The conclusive number of Kyrgyzstan casinos is something in some dispute. As data from this state, out in the very remote central area of Central Asia, tends to be awkward to acquire, this may not be too astonishing. Whether there are 2 or 3 authorized gambling dens is the item at issue, maybe not in fact the most earth-shaking bit of information that we do not have.
What no doubt will be true, as it is of many of the old Russian states, and absolutely accurate of those in Asia, is that there will be a great many more illegal and backdoor gambling dens. The change to legalized betting did not energize all the former locations to come away from the dark into the light. So, the battle over the total amount of Kyrgyzstan’s gambling halls is a small one at best: how many legal ones is the element we are trying to answer here.
We understand that located in Bishkek, the capital city, there is the Casino Las Vegas (a spectacularly unique title, don’t you think?), which has both table games and video slots.

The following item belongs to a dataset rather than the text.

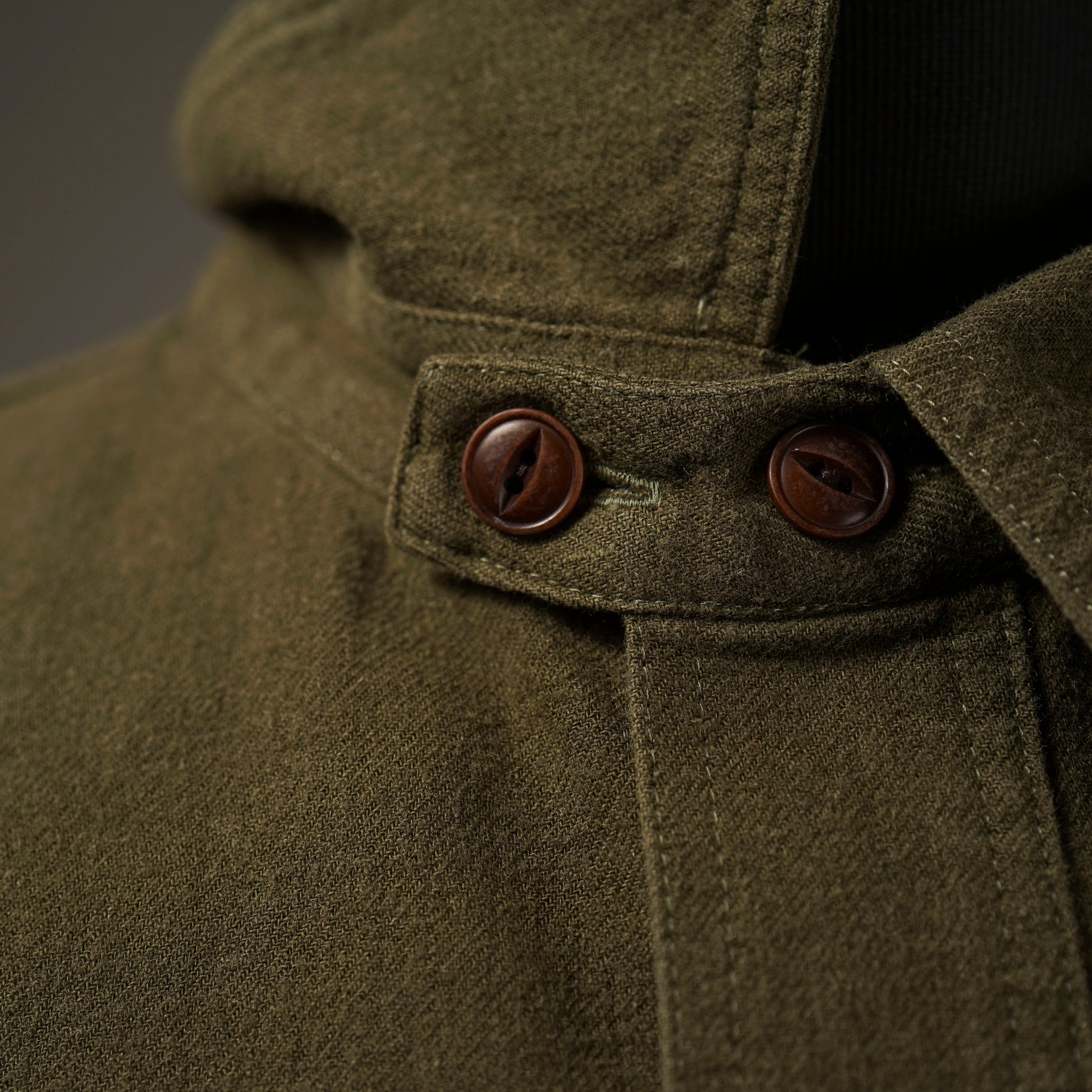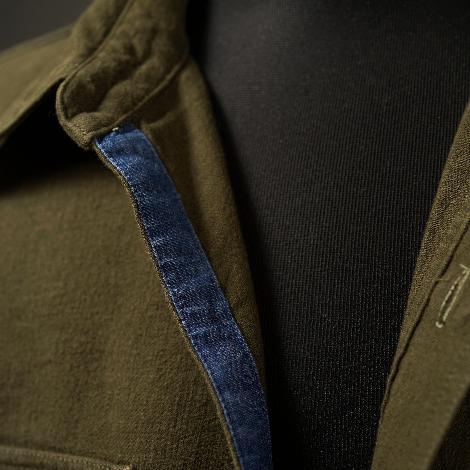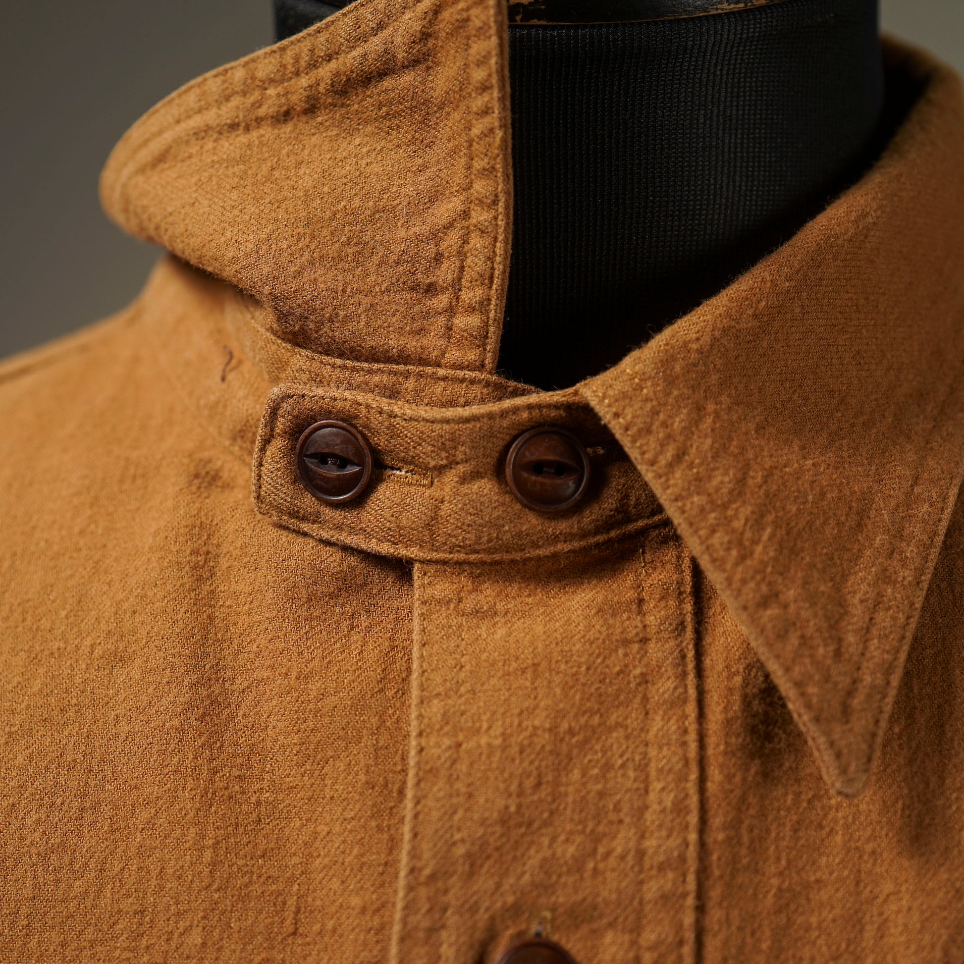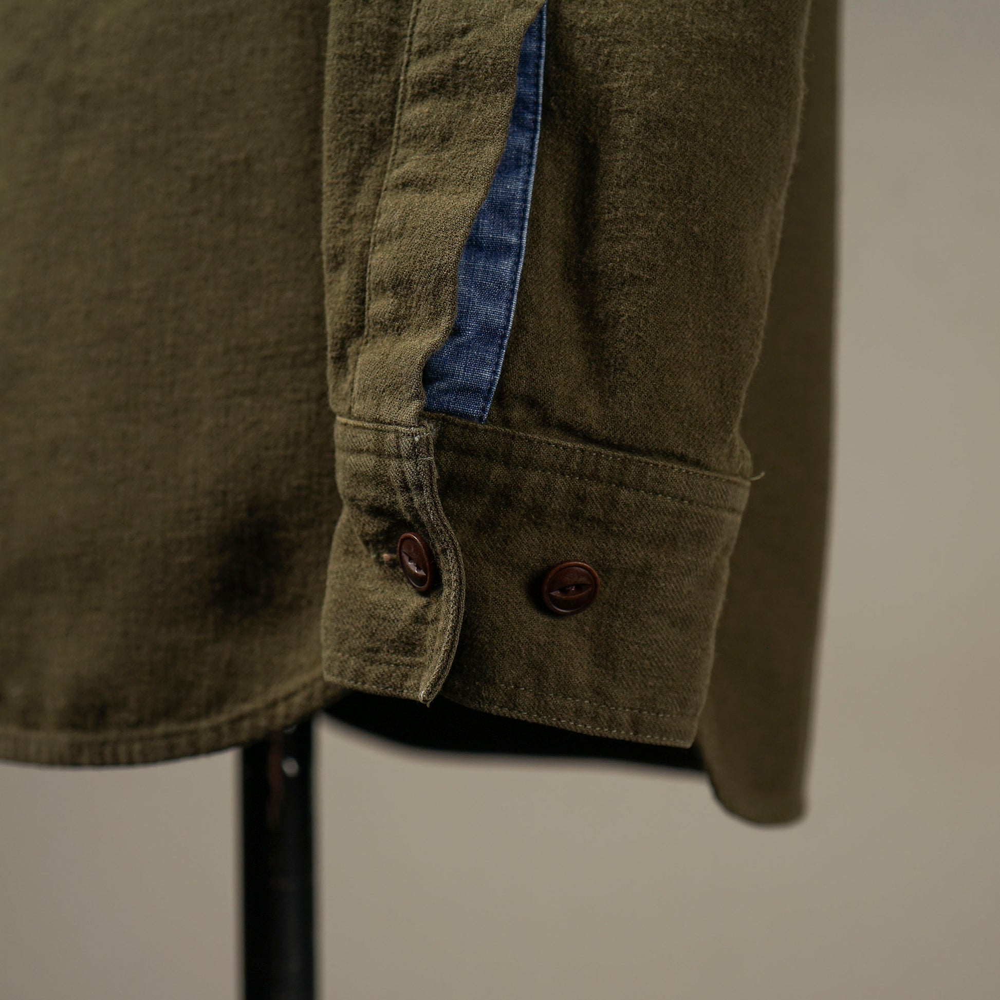 1940年代のWORK SHIRTをベースにしたチンストラップ付きで、左右非対称なガチャポケ仕様にデザイン。ワークシャツらしい、やや余裕を持たせたレギュラーフィットシルエット。前後のチェーン刺繍や、配色のカンヌキ、前立て裏や袖口部分の別布使いがアクセントとなっています。

We can also find both the Casino Bishkek and the Xanadu Casino. Both of these offer 26 slot machines and 11 table games, split amongst roulette, twenty-one, and poker. Given the remarkable similarity in the square footage and setup of these 2 Kyrgyzstan casinos, it may be even more surprising to determine that both share an address. This appears most astonishing, so we can clearly conclude that the list of Kyrgyzstan’s casinos, at least the accredited ones, stops at two casinos, one of them having changed their name recently.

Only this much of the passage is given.